By Al Pessin
Nearly three million Libyans have registered to vote in the country’s first multi-party election in 60 years, set for Saturday. They will choose among 1400 candidates for a 200-seat National Assembly that will form a temporary government and draft a constitution, leading to another election next year.
Nine months ago, Libyans were celebrating in a square in central Tripoli. They renamed it Martyrs’ Square, in memory of the fighters who died in the revolution that ended 42 years of rule by Moammar Gadhafi.
Today, the square is busy with traffic and decorated with campaign posters for Saturday’s election.
Tripoli cafes are buzzing about the election. Student Amin Siyala is home for the summer from school in Britain.
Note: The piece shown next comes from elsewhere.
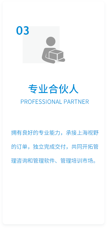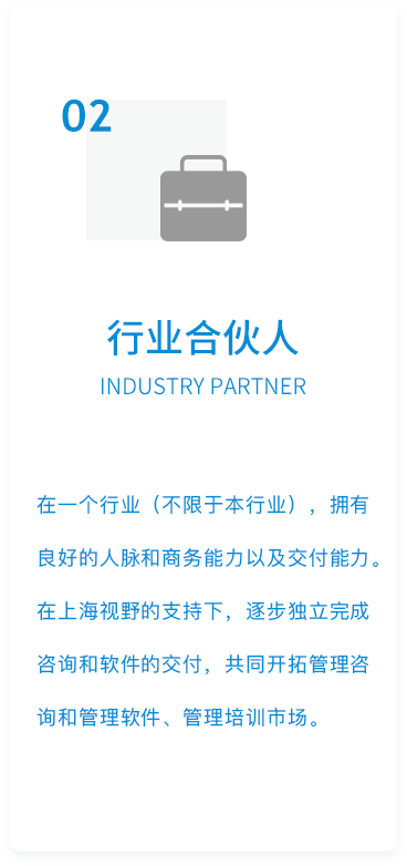 成立二十年来,上海视野励精图治,稳步发展,逐渐在国内管理控制咨询和数字化转型领域积累了颇具规模且稳定的客户群体,在行业内逐步产生了一定的影响力。为将上海视野发展到一个新高度,满足上海视野扩张需要,继续扩大视野品牌影响力,我们将向全社会寻找认同公司发展战略和企业文化,并且意愿与上海视野共同成长的合作伙伴。

“Stuff hasn’t become suddenly a lot better. That’s just truth right now. But obviously we know it will get better because there still needs to be time for the elections to happen and for a new government to come and bring change,” Siyala said.
Not far away, at a more traditional cafe next to a Roman ruin, several older men also want to talk politics. Mohammed al-Hadi bin-Noba says many Libyans don’t really understand what they are voting for. But he says in a way that doesn’t matter. “The election is of secondary importance compared with the blood that has been spilled to make the revolution a success,” he said.
There are still concerns about security, amid tribal clashes, fighting among militias formed for the revolution, and regional disputes about power sharing. An Amnesty International report this week says those problems must be brought under control.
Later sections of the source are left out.